Please transcribe the listing below in full, exactly as written, leaving out its pictures.

··· COLLECTED DATA

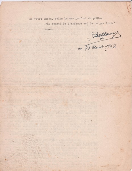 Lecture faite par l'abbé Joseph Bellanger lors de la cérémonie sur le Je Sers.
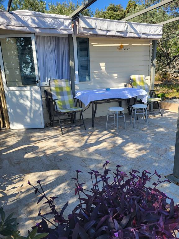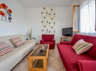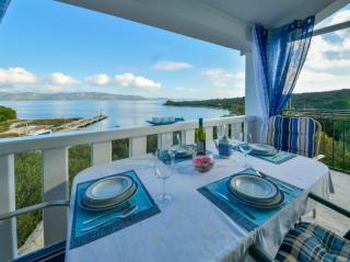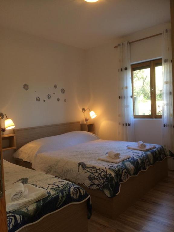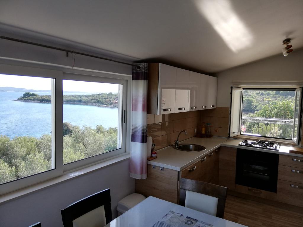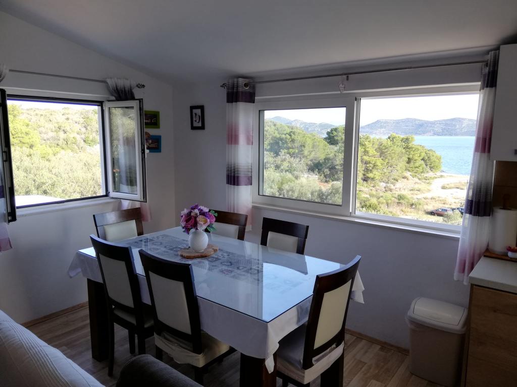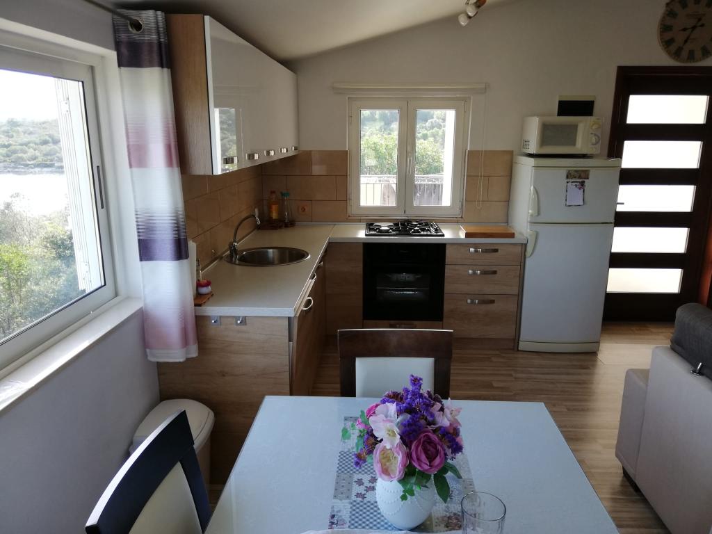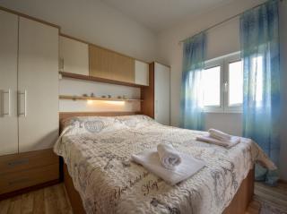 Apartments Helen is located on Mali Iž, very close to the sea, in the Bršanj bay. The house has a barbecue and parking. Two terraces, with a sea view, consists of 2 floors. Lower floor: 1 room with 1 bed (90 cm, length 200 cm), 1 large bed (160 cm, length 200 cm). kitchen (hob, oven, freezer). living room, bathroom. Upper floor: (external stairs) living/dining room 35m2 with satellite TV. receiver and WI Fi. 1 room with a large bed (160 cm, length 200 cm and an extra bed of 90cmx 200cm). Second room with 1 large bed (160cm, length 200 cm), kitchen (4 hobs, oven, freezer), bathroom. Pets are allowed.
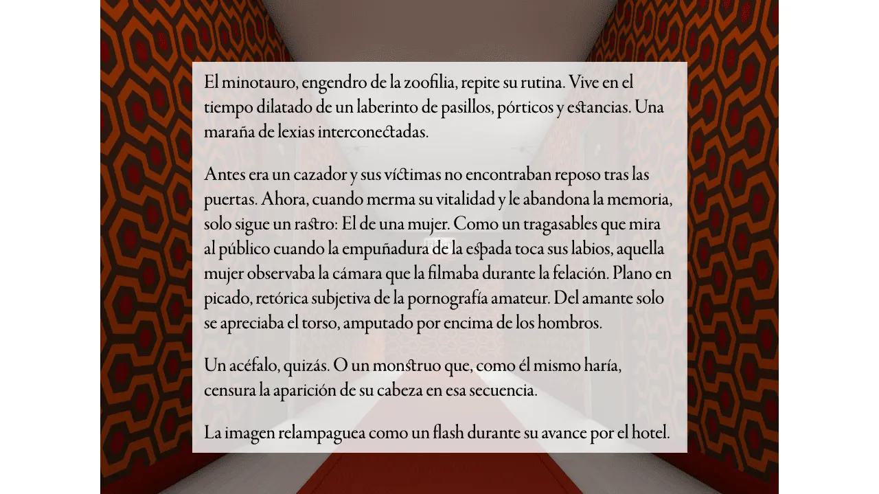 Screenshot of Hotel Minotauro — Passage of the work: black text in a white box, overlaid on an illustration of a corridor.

······

TASK SOLUTION.
 Lecture faite par l'abbé Joseph Bellanger lors de la cérémonie sur le Je Sers.
 Apartments Helen is located on Mali Iž, very close to the sea, in the Bršanj bay. The house has a barbecue and parking. Two terraces, with a sea view, consists of 2 floors. Lower floor: 1 room with 1 bed (90 cm, length 200 cm), 1 large bed (160 cm, length 200 cm). kitchen (hob, oven, freezer). living room, bathroom. Upper floor: (external stairs) living/dining room 35m2 with satellite TV. receiver and WI Fi. 1 room with a large bed (160 cm, length 200 cm and an extra bed of 90cmx 200cm). Second room with 1 large bed (160cm, length 200 cm), kitchen (4 hobs, oven, freezer), bathroom. Pets are allowed.
 Screenshot of Hotel Minotauro — Passage of the work: black text in a white box, overlaid on an illustration of a corridor.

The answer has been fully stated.